The majority has included a correct statement of the relevant rules of law, one of which is that a confession, or any inculpatory statement, is involuntary if it is induced through an express or implied promise of leniency. See Bram v. United States, 168 U.S. 532, 18 S.Ct. 183, 42 L.Ed. 568 (1897). “A trial court's ultimate legal conclusion on a motion to suppress based on a given set of facts is a question of law that is reviewed de novo on appeal. See State v. Smith, 785 So.2d 1169 (Ala.Crim.App.2000).” State v. Hargett, 935 So.2d 1200, 1204 (Ala.Crim.App.2005). A de novo review of the trial court's legal conclusion based on the evidence presented in this case leads me to conclude that the district attorney's promise not to seek the death penalty if Brown gave a true statement was tantamount to an offer to save Brown's life in exchange for a statement. The coercive impact of such a promise of leniency rendered Brown's subsequent statements involuntary. Is not the preservation of one's own life of paramount importance to a man? Can it be doubted that a man's desire not to have his life taken by the state would overbear any other consideration or reason he might have to remain silent when faced with the decision of whether to give a statement?
Although I acknowledge that Brown was represented by counsel even when he gave the initial statement following the direct promise from the district attorney, that does not preclude a finding that Brown's will was overborne by the promise of leniency. In fact, it is significant that Brown's attorney signed Brown's Miranda waiver as a witness and it was the counsel who apparently conveyed the prosecutor's direct promise of leniency to Brown. The facts are that the district attorney made the improper inducement and that Brown's statement was made as a result of that improper inducement.

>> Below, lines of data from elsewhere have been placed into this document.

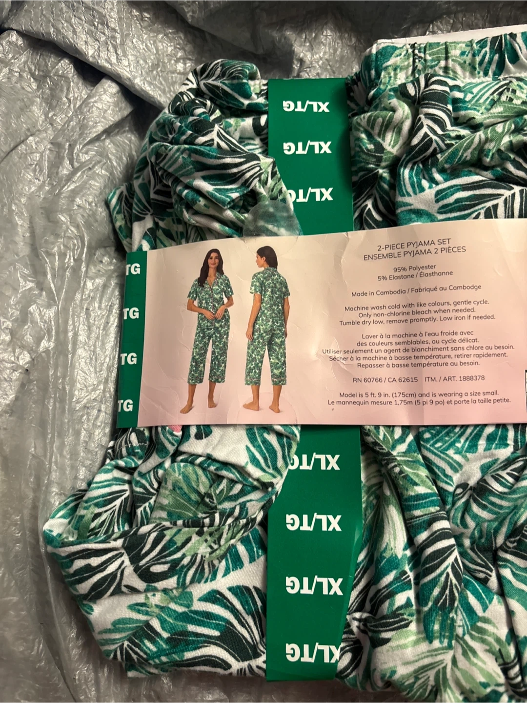 Room Service 2-Piece Pajama Set - Tropical Leaf Print - XL/TG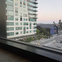 雖然沒看到很多人在附近走動,但我覺得去好萊塢中心步行大約20分鐘應該不難。飯店內部裝潢時尚,和網路上的照片一樣,特大床對一個人來說太大了。飯店沒有牙刷和梳子之類的便利設施,建議大家自備。另外,房間冰箱裡的水大約有200毫升,建議大家買點水帶上去。雖然有耳塞可以隔絕屋頂酒吧的喧鬧音樂,但入住當天我完全沒注意到。飯店有Chromecast,所以可以用iPhone連線觀看我最喜歡的YouTube影片!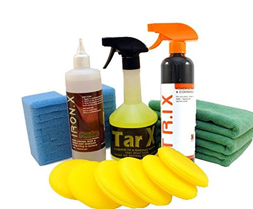 Kit includes: 500 ml. CarPro Iron X Spray, 500 g. CarPro Iron X Paste, 600 ml. CarPro Tar X, Lake Country Foam Car Wash Sponge, 3 Microfiber Detailing Towels (16 x 16 inches), and 6 Poly Foam ApplicatorsIron X by CarPro is an acid-free, pH-balanced iron remover that decontaminates auto paint and wheels. Iron X prevents the spread of iron-related damage to protect your vehicle from paint system failure. Iron X is a clear solution in the bottle but it turns purple when it comes into contact with sintered iron particles.Iron X Paste has a long dwell time to work as long as needed to remove iron and brake dust spots. The paste formula is excellent on vertical panels, wheels, and isolated spots.Tar X safely lifts grease, tar, asphalt, insects, tire marks, adhesives, traffic film, and any other stubborn contaminants. There are no harsh chemical solvents and nothing to harm your vehicle. When Tar X is applied generously, it glows on dark or black cars. The visibility makes it easy to remove all of Tar X when rinsing.To use this kit, start with a clean vehicle. Apply Iron X Spray over the vehicle and wipe it in with a damp sponge. Apply Iron X Paste on vertical surfaces and/or wheels. Wait 5 minutes for Iron X to change color. Wipe it off with a damp sponge and then rinse off the entire vehicle. Dry the vehicle well.Model # CP-300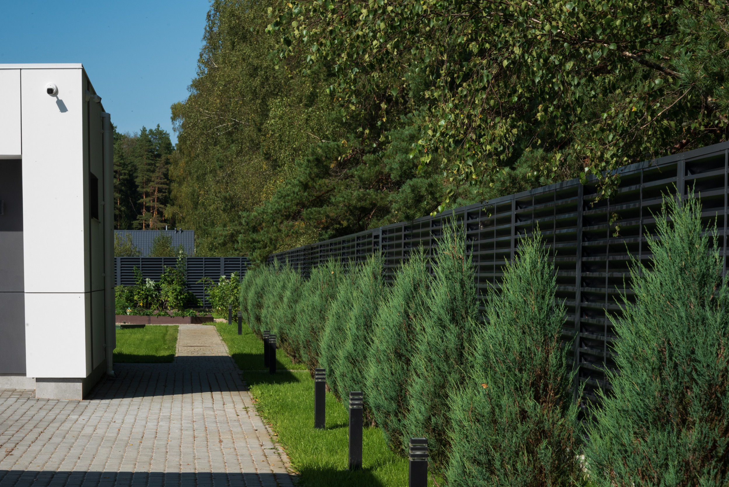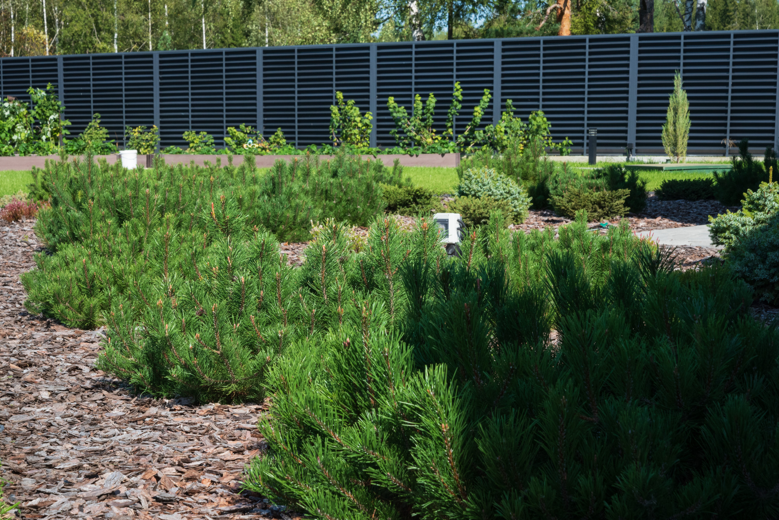 границы участка. Мы использовали высокие хвойные растения, которые не только

The majority states that the evidence from the suppression hearing revealed that the sheriff's investigator who interrogated Brown did not coerce Brown based on a promise of leniency. That point is irrelevant. Before Brown was questioned, the direct promise of leniency had already been communicated by the district attorney to Brown. That there is no explicit evidence that the investigator did not reiterate to Brown the promise that his life would be spared if he gave a statement does not support the trial court's ruling or the majority's affirmance of that ruling.
The State failed to meet its burden of showing that Brown's statement was voluntary and not the product of the district attorney's promise to spare Brown from the possible imposition of the death penalty. Rather, the prosecutor stipulated at the hearing on the motion to suppress that the district attorney had made a direct promise of leniency to Brown's attorney before Brown made the first of two inculpatory statements. The State illegally induced Brown's confession, and the trial court erred when it denied the motion to suppress.
For the foregoing reasons, I respectfully dissent.
WINDOM and MAIN, JJ., concur. WISE, P.J., concurs in the result. WELCH, J., dissents, with opinion.